Jakarta, wapresri.go.id – Pernyataan Wakil Presiden (Wapres) K.H. Ma’ruf Amin saat memberikan sambutan pada “Peringan 100 Tahun Kedatangan Warga Korea di Indonesia”, Minggu, 20 September lalu, telah menyebabkan mispersepsi bahkan cenderung disalahpahami oleh sebagian kalangan. Hingga muncul penilaian bahwa Wapres tidak memahami musik dan bahkan merendahkan kualitas musik Indonesia di bawah Korea.

Demikian diungkapkan oleh Staf Khusus Wapres Bidang Komunikasi dan Informasi yang sekaligus Juru Bicara (Jubir) Wapres Masduki Baidlowi pada rilis klarifikasi yang disampaikan kepada awak media, Kamis (24/9/2020).

“Perbincangan publik juga bergulir luas. Beredar video pendek, diunggah sebuah akun facebook, dan unduhan video berisi gabungan potongan pidato Wapres dan penampilan Girlband Korea,” kata Masduki dalam rilisnya.

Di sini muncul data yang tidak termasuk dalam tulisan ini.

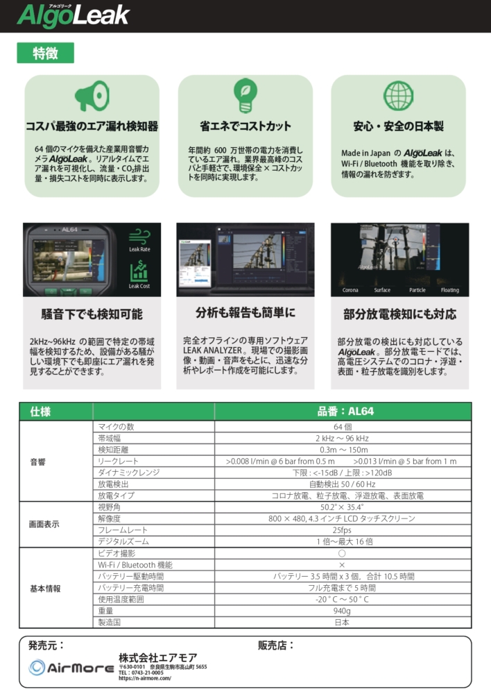 『エアモア エア漏れ検知器 アルゴリーク AL64』
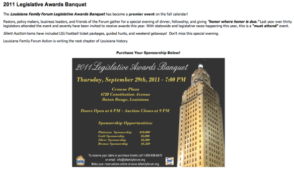 For the bargain basement price of $10,000, you can become a platinum sponsor of this year’s Louisiana Family Forum Awards Banquet. Unfortunately, it’s not clear whether or not this donation would be tax-deductible, as it has been in years past. This year, the LFF is saying that the “Louisiana Family Forum Action,” their 501c4 (not tax-deductible), “is writing the next chapter of Louisiana history.”

Semua itu, menurutnya, tersebar di beberapa group whatsapp, yang memberi kesan seolah Wapres sedang menonton aksi group musik perempuan Korea dengan kostum minim. Wapres seakan tengah memberi endorsement untuk menonton musik Korea itu.

“Sebagian komentar di media sosial pun mengisyaratkan niatan yang jauh dari etika, bahwa Wapres yang juga seorang ulama, dipersepsikan mengajak menyaksikan tontonan yang vulgar,” imbuhnya.

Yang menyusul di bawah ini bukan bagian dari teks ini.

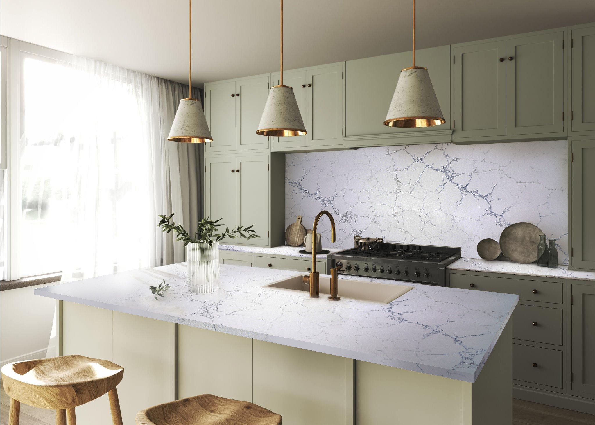 Calacatta Bluescape introduces a fresh dimension to design with its quartz slab featuring a pure white base adorned by dominant blue Calacatta veins. The striking blue hues seamlessly blend with accents of gold and subtle grey veins, creating a mesmerizing interplay of colors. Calacatta Bluescape transcends traditional design boundaries, offering a modern interpretation of classic elegance. Ideal for kitchens, bathrooms, or accent surfaces, this quartz slab transforms interiors into vibrant canvases, where the calming blues, radiant gold, and understated greys converge in a harmonious visual spectacle.

Namun demikian, lanjut Jubir, di sisi lain ada pula komentar jernih dan positif yang berusaha menangkap pesan pokok dari pidato Wapres yang dirilis dalam berita resmi Kantor Wapres dengan judul“ Tingkatkan Kerja Sama Teknologi, Indonesia Bisa Belajar Banyak dari Korea”.

Berlatar Keprihatinan

“Penting dipahami sebagai latar belakang, dalam sekian kali perbincangan saya dengan Wapres, beliau sudah lama prihatin pada sebagian masyarakat kita, yang cenderung sekadar konsumtif pada budaya luar,” terang Masduki.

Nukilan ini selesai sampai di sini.